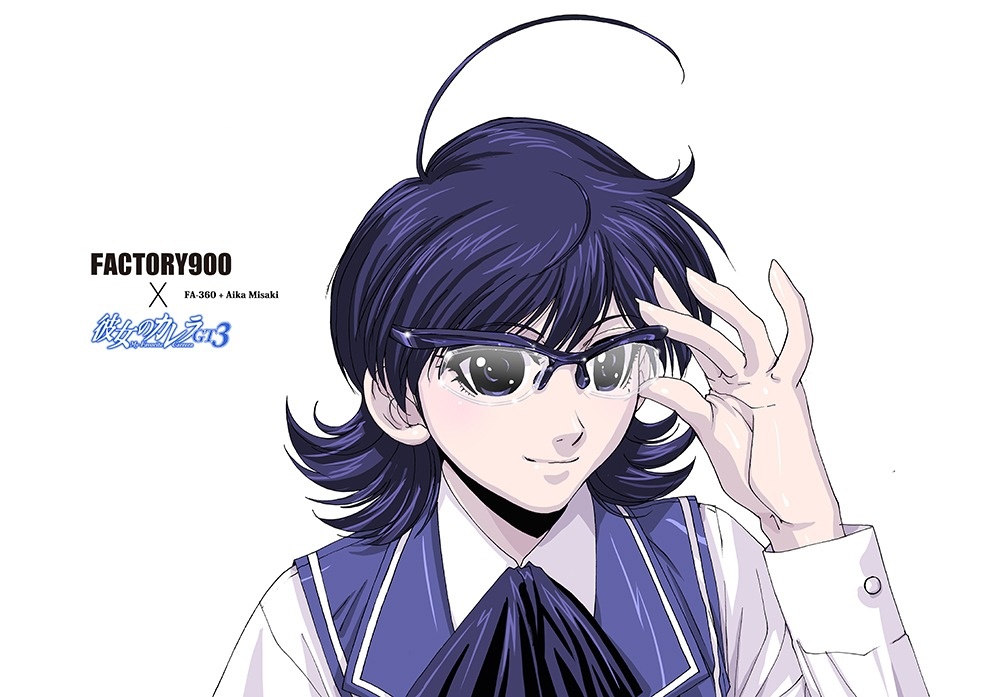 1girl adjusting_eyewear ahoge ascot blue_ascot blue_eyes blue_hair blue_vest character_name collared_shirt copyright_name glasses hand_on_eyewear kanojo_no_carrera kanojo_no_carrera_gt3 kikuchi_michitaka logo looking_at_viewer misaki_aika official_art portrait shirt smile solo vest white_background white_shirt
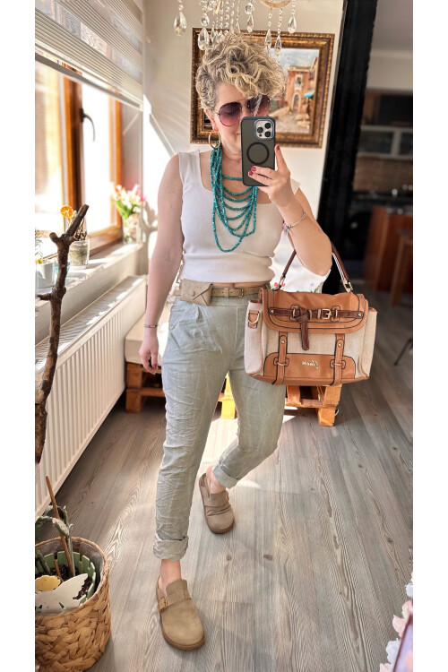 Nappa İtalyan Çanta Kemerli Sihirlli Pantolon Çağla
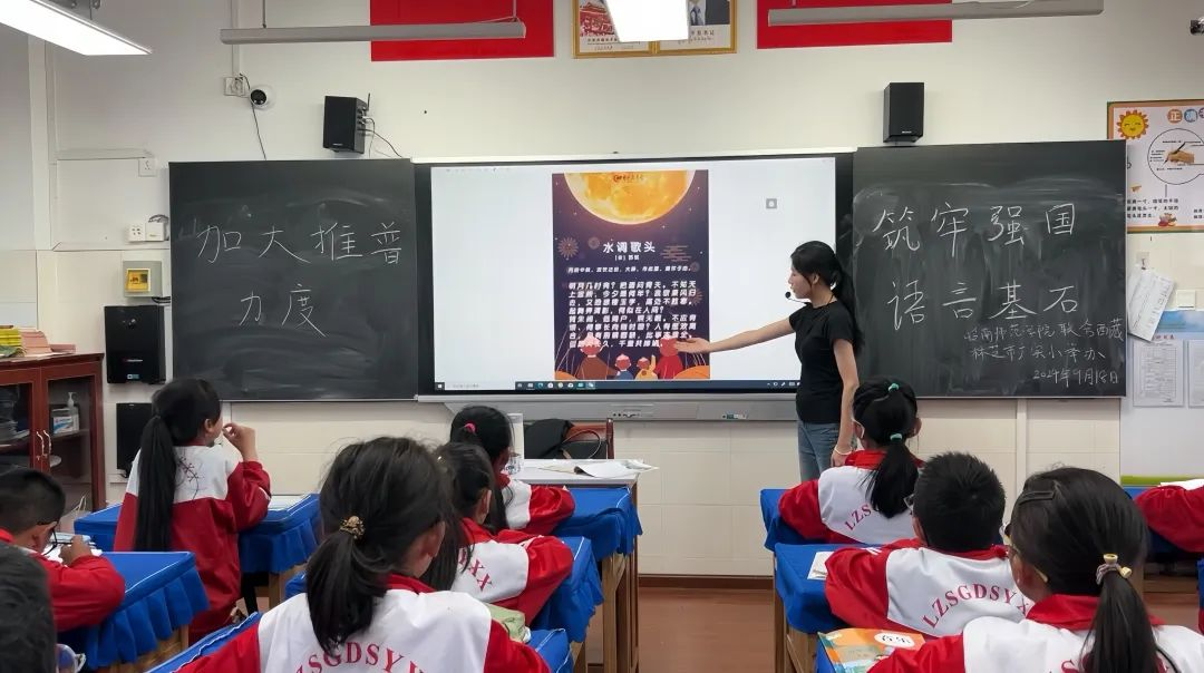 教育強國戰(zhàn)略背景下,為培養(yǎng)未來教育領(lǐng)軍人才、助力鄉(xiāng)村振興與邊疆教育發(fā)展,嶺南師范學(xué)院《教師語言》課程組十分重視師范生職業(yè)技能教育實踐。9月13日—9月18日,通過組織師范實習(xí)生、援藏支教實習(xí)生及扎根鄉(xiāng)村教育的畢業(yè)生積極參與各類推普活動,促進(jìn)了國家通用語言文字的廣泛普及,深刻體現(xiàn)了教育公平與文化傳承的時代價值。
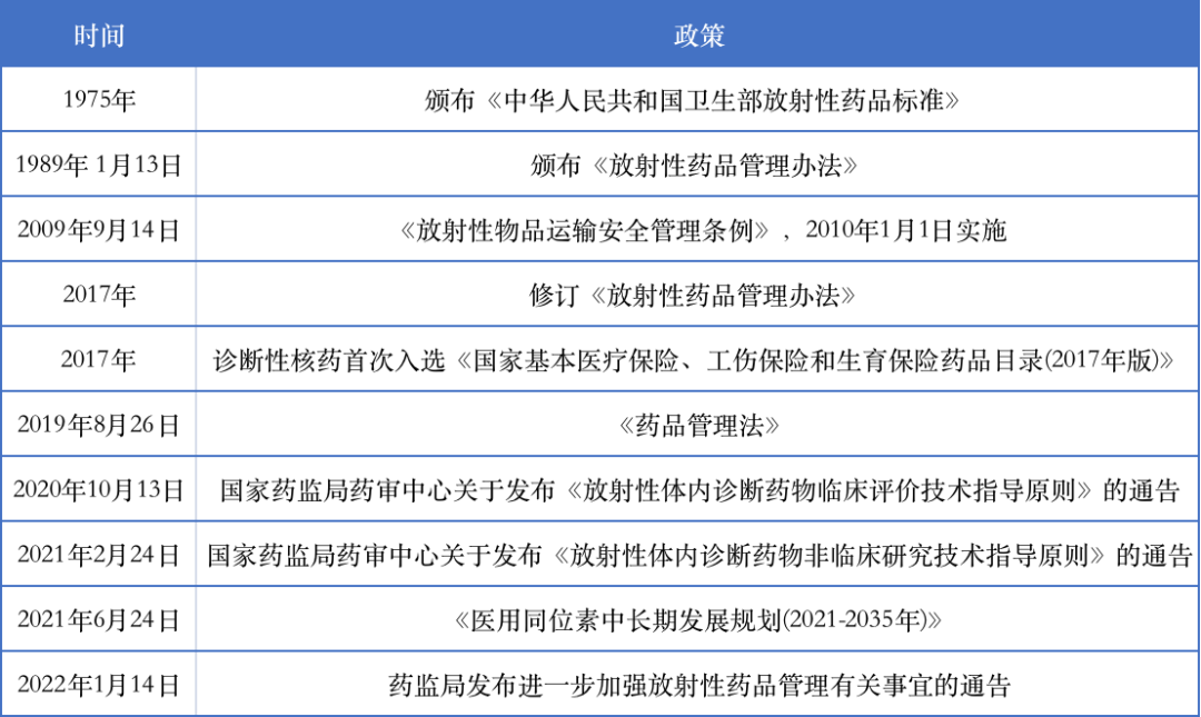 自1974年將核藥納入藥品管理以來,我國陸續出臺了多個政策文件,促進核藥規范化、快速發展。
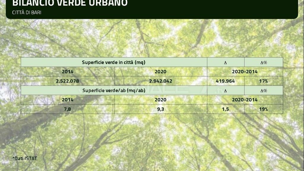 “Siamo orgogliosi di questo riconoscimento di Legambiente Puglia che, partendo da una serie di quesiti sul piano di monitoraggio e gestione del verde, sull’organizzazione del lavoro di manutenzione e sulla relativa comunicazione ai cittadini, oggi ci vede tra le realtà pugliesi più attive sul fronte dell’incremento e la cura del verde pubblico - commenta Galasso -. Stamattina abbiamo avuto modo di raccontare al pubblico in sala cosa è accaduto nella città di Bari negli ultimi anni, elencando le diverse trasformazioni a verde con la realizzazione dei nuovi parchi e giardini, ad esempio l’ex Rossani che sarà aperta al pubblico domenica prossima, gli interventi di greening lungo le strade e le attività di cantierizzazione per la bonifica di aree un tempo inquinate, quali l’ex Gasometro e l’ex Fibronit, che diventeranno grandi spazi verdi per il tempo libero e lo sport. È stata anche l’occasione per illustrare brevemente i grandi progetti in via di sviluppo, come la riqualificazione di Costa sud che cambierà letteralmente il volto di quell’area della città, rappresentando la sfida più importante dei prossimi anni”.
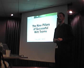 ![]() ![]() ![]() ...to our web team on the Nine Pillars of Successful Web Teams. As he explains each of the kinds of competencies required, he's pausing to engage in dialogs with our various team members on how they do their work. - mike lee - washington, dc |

* * *

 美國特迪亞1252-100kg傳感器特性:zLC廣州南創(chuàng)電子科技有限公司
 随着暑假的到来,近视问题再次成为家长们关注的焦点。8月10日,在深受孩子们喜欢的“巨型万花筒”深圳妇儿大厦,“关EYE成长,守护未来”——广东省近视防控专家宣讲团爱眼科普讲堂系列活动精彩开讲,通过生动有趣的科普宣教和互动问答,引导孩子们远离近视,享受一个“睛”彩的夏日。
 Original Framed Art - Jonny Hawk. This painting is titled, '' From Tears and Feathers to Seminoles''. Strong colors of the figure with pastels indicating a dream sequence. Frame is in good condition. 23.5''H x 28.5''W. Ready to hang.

> _Task prompt_
Would you copy, word for word, only the lines above from the one containing "1girl adjusting_eyewear ahoge" through the one containing "自1974年將核藥納入藥品管", both included, and please leave out the pictures?

> _Response to this exercise_
 1girl adjusting_eyewear ahoge ascot blue_ascot blue_eyes blue_hair blue_vest character_name collared_shirt copyright_name glasses hand_on_eyewear kanojo_no_carrera kanojo_no_carrera_gt3 kikuchi_michitaka logo looking_at_viewer misaki_aika official_art portrait shirt smile solo vest white_background white_shirt
 Nappa İtalyan Çanta Kemerli Sihirlli Pantolon Çağla
 教育強國戰(zhàn)略背景下,為培養(yǎng)未來教育領(lǐng)軍人才、助力鄉(xiāng)村振興與邊疆教育發(fā)展,嶺南師范學(xué)院《教師語言》課程組十分重視師范生職業(yè)技能教育實踐。9月13日—9月18日,通過組織師范實習(xí)生、援藏支教實習(xí)生及扎根鄉(xiāng)村教育的畢業(yè)生積極參與各類推普活動,促進(jìn)了國家通用語言文字的廣泛普及,深刻體現(xiàn)了教育公平與文化傳承的時代價值。
 自1974年將核藥納入藥品管理以來,我國陸續出臺了多個政策文件,促進核藥規范化、快速發展。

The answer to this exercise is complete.